● WORK TO BE COMPLETED
Look below for the line with "- 【Whisper-Quiet Operation】Powered"; begin the copy there and stop after the line with "完成T1LR(T1DR)创建", keeping the text exact and the pictures out.
(Beginning of LISTED ENTRIES)
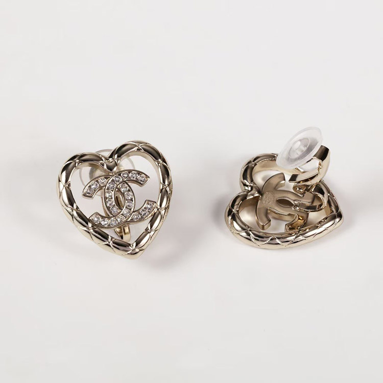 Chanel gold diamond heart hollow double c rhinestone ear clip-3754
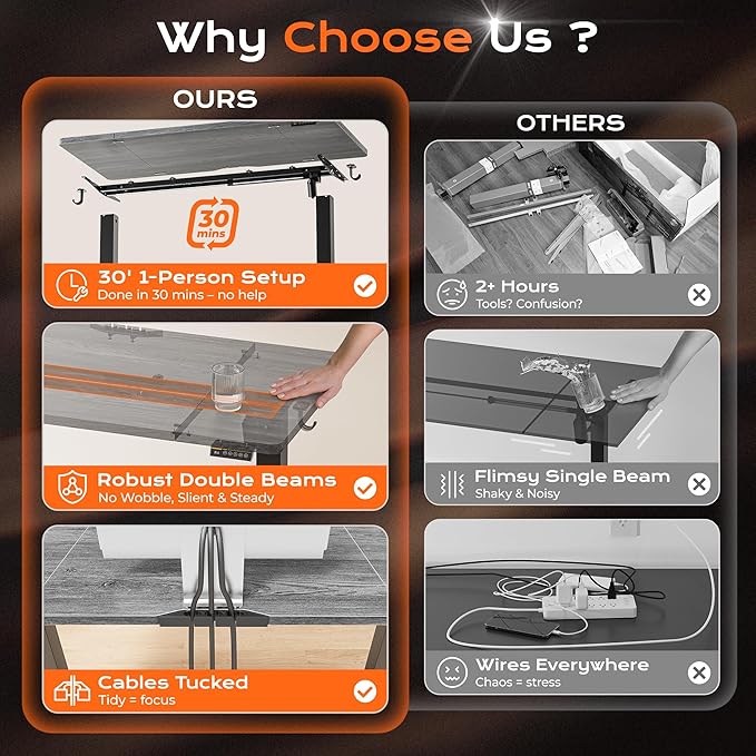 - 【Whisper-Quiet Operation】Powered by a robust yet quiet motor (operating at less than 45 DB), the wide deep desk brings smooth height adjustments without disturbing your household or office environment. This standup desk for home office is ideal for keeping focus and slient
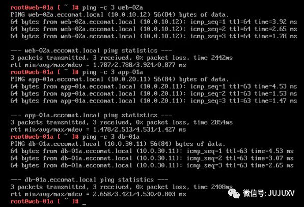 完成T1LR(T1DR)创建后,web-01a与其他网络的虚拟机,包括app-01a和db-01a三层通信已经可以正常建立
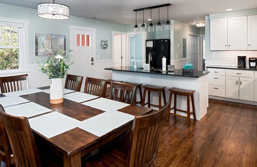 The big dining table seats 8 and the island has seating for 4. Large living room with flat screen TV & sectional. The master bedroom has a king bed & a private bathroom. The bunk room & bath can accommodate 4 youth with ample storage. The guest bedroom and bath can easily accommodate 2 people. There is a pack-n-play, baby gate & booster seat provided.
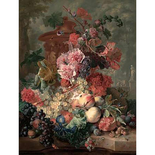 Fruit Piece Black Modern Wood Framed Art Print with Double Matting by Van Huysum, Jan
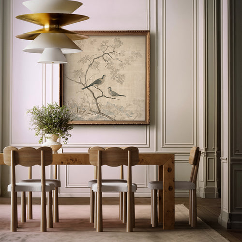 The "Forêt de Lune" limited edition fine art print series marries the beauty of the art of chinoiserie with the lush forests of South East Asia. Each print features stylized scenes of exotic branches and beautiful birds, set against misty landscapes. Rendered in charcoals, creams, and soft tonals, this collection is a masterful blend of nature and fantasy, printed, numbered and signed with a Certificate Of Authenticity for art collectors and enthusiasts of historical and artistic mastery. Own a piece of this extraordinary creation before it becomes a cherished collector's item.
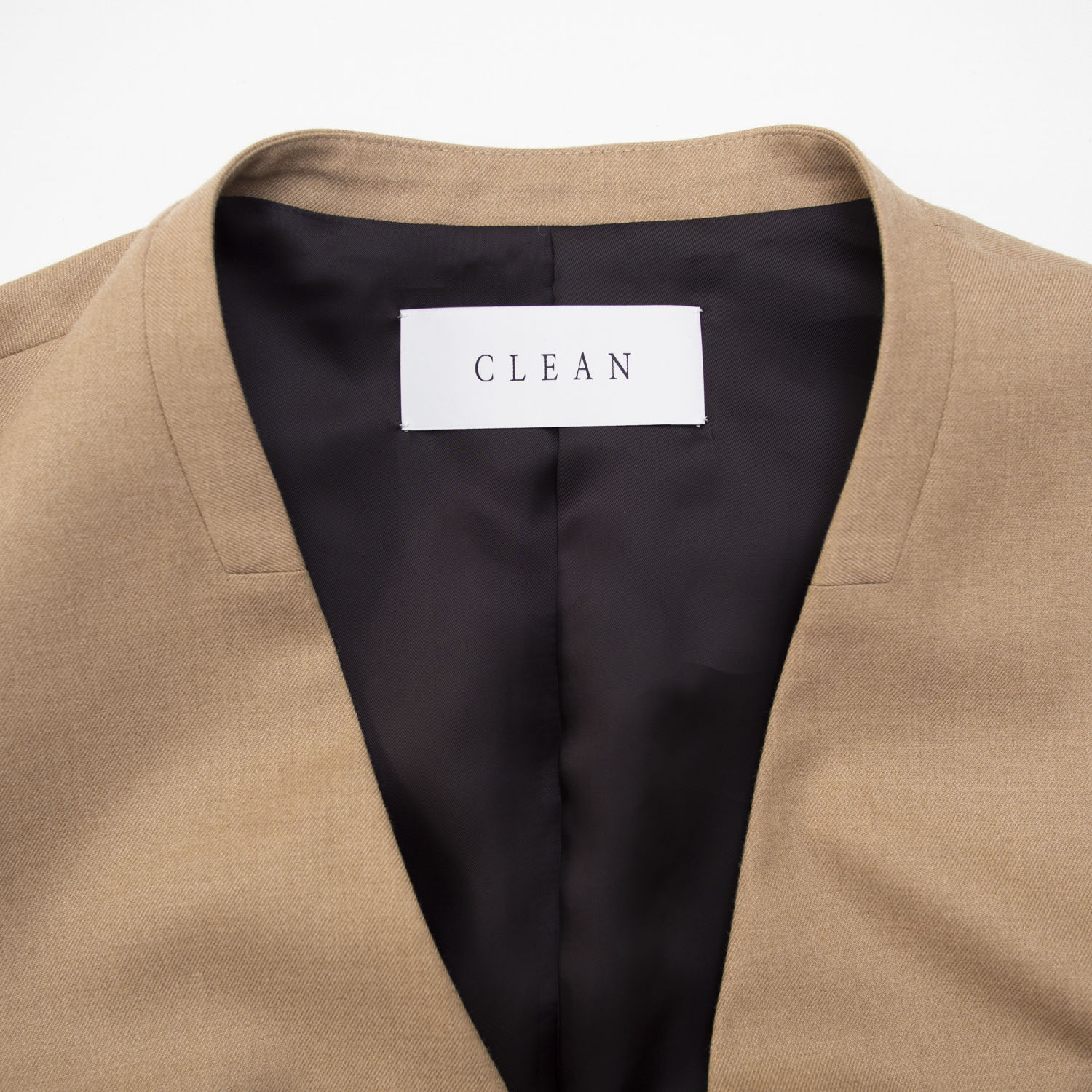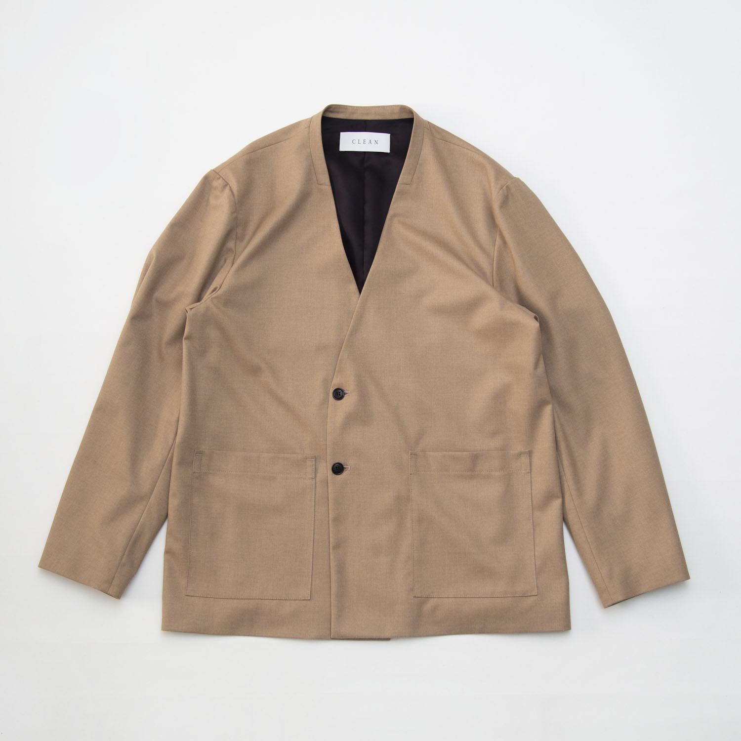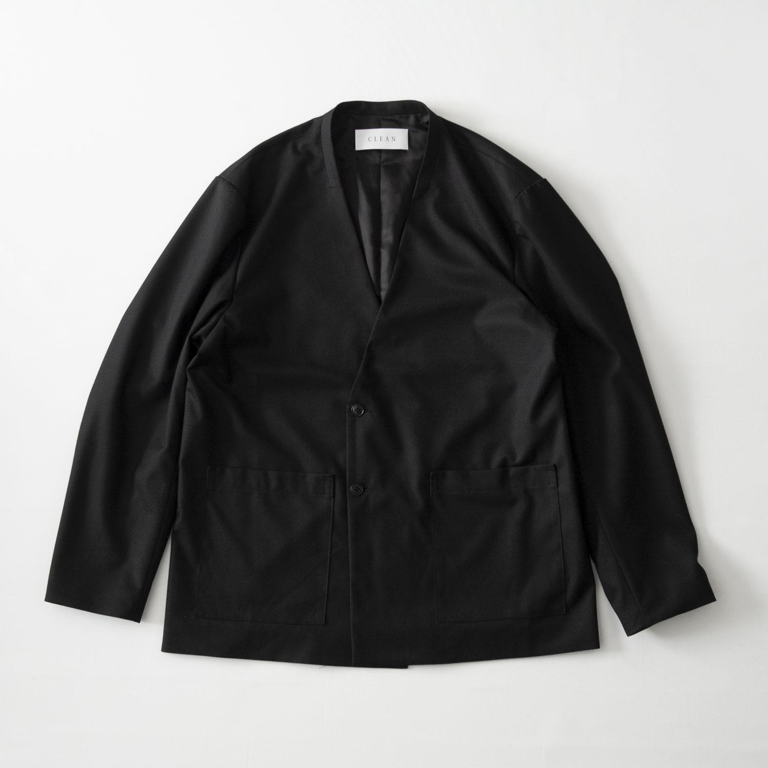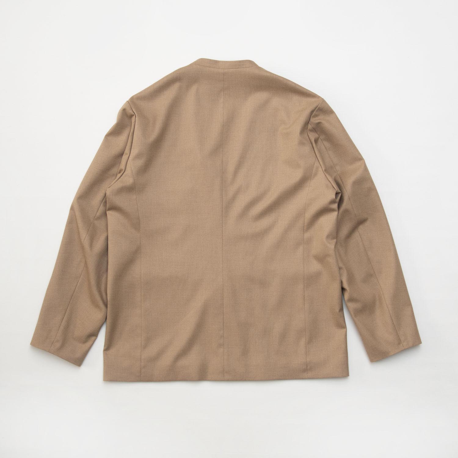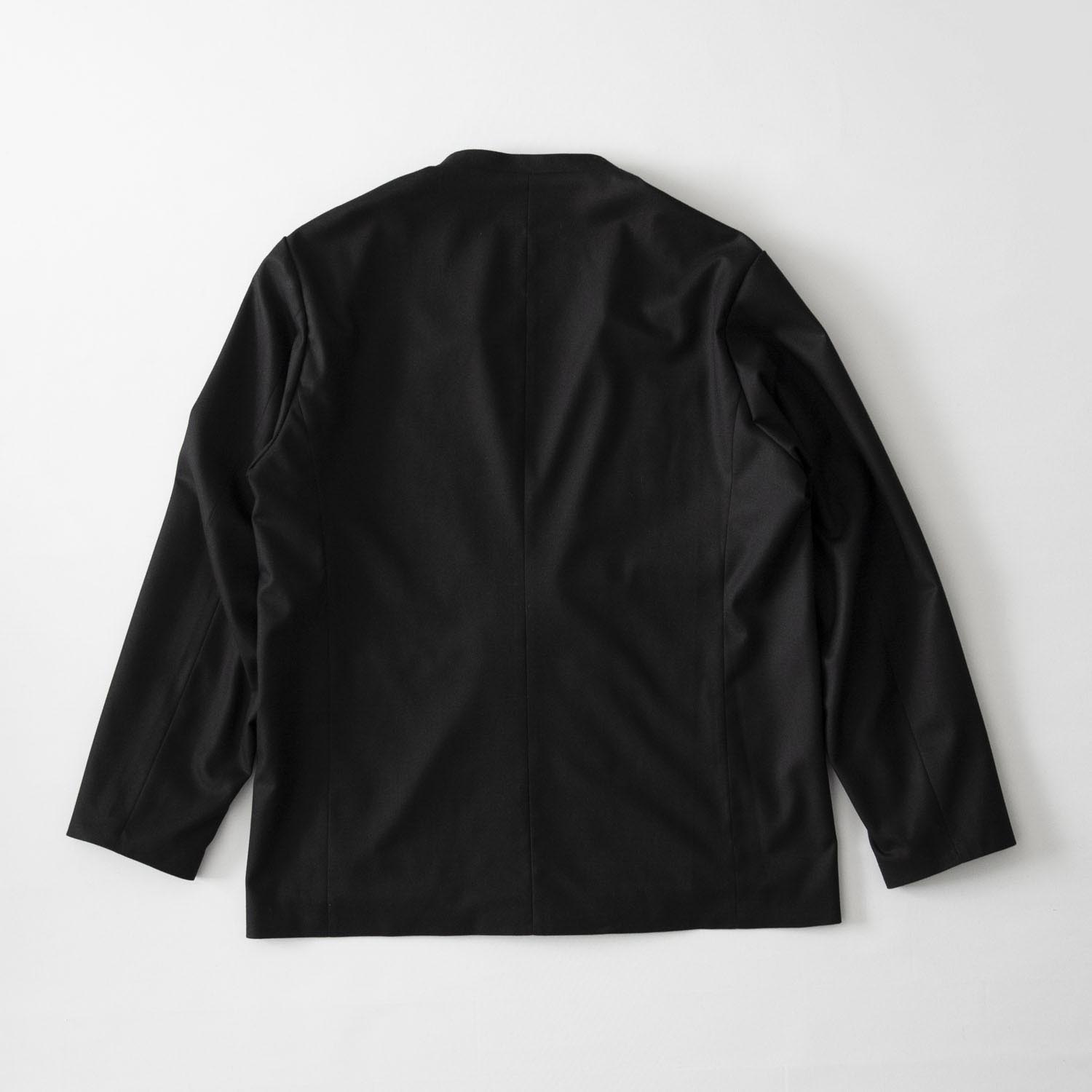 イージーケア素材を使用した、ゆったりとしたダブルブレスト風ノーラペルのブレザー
(End of LISTED ENTRIES)
● RESULT
 - 【Whisper-Quiet Operation】Powered by a robust yet quiet motor (operating at less than 45 DB), the wide deep desk brings smooth height adjustments without disturbing your household or office environment. This standup desk for home office is ideal for keeping focus and slient
 完成T1LR(T1DR)创建后,web-01a与其他网络的虚拟机,包括app-01a和db-01a三层通信已经可以正常建立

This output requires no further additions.